His hands kept moving. Tape. Gauze. Pressure. IV access.
He found a vein in Lucy’s tiny arm on the second try. The first miss left a bruise that made him hate himself with unreasonable intensity. Saline bag. Tubing. Spike. Flush. No pump. Gravity feed.
Useless against internal bleeding. Still something.
“Priya,” he called, “status on Mira.”
A pause.
Too long.
“Priya.”
“She’s gone,” Priya said.
The words came flat. Not empty. Flattened, like something heavy had rolled over them.
Mira Chen had driven every shift like she was personally offended by traffic laws but morally opposed to bad coffee. She kept tamarind candy in the glove compartment and called Jonah “old man” though she was only seven years younger. She had a daughter at CU Boulder, a mortgage in Aurora, and a laugh that made dispatchers forgive her for radio sarcasm.
Jonah closed his eyes for one red pulse of light.
“Copy,” he said, because the word was a splint over a fracture.
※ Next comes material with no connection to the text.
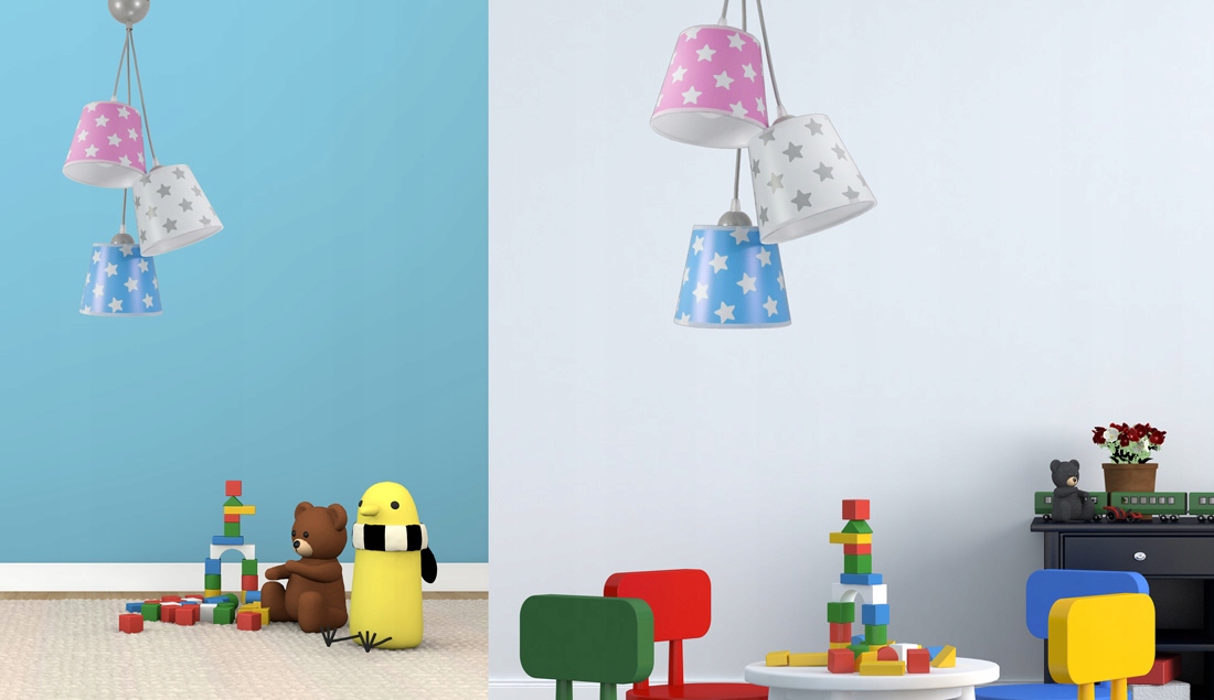 Кольори стельового світильника дозволяють встановити його як у кімнаті хлопчика, так і в кімнаті дівчинки.

Priya’s breath hitched. “Don’t you copy me.”
“I need you functional.”
“Mira is dead.”
“I know.”
“She was just complaining about her burrito getting cold ten minutes ago.”
“I know.”
“Don’t say you know like it helps!”
Jonah tied off Lucy’s dressing and looked toward the pass-through. Priya’s face appeared in the gap, streaked with blood from a scalp wound, dark curls plastered to her cheek. She was twenty-six and brilliant and still had the part of her soul that expected outcomes to make sense if you worked hard enough.
Jonah envied her. He feared for her more.
“Priya,” he said quietly, “Mira’s gone. Lucy isn’t. You have a choice in front of you. Look at the choice.”
Priya stared at him. Her jaw trembled once. Then hardened.
“What do you need?”
“Can you climb back here?”
She glanced over her shoulder into the cab. “Windshield’s spiderwebbed. Driver’s side crushed. Passenger door maybe. But there are things outside.”
“Then stay put until I clear the side.”
“Clear it with what, your charming personality?”
Jonah looked at the dead scavenger below. His shears were still in its eye.
“Working on options.”
Lucy’s small hand gripped his wrist. “Don’t go.”
He looked down.
Her eyes had sharpened with pain and terror. Not enough oxygen, not enough blood, but enough understanding. Children understood abandonment before language. It was one of the first lessons bodies learned.
“I’m not leaving,” he said.
“Promise?”
The word went through him like glass.
He had promised before. Patients in crushed cars. A teenager bleeding out under Christmas lights on Colfax. His own brother in a VA hospital room smelling of bleach and old nightmares. Jonah’s promises had never impressed death. Death took notes and collected anyway.
“I promise I’ll keep fighting for you,” he said.
Lucy held his wrist tighter, too weak to hurt him. “Okay.”
Outside, the scavengers finished with the businessman.
One of them lifted its head toward the ambulance.
Jonah saw its black eyes catch red light.
It chirped.
Another answered from somewhere near the bus stop.
“Priya,” Jonah said, “we’ve got company.”
“How many?”
“Two visible. Probably more.”
“Of course. Why would the apocalypse respect staffing ratios?”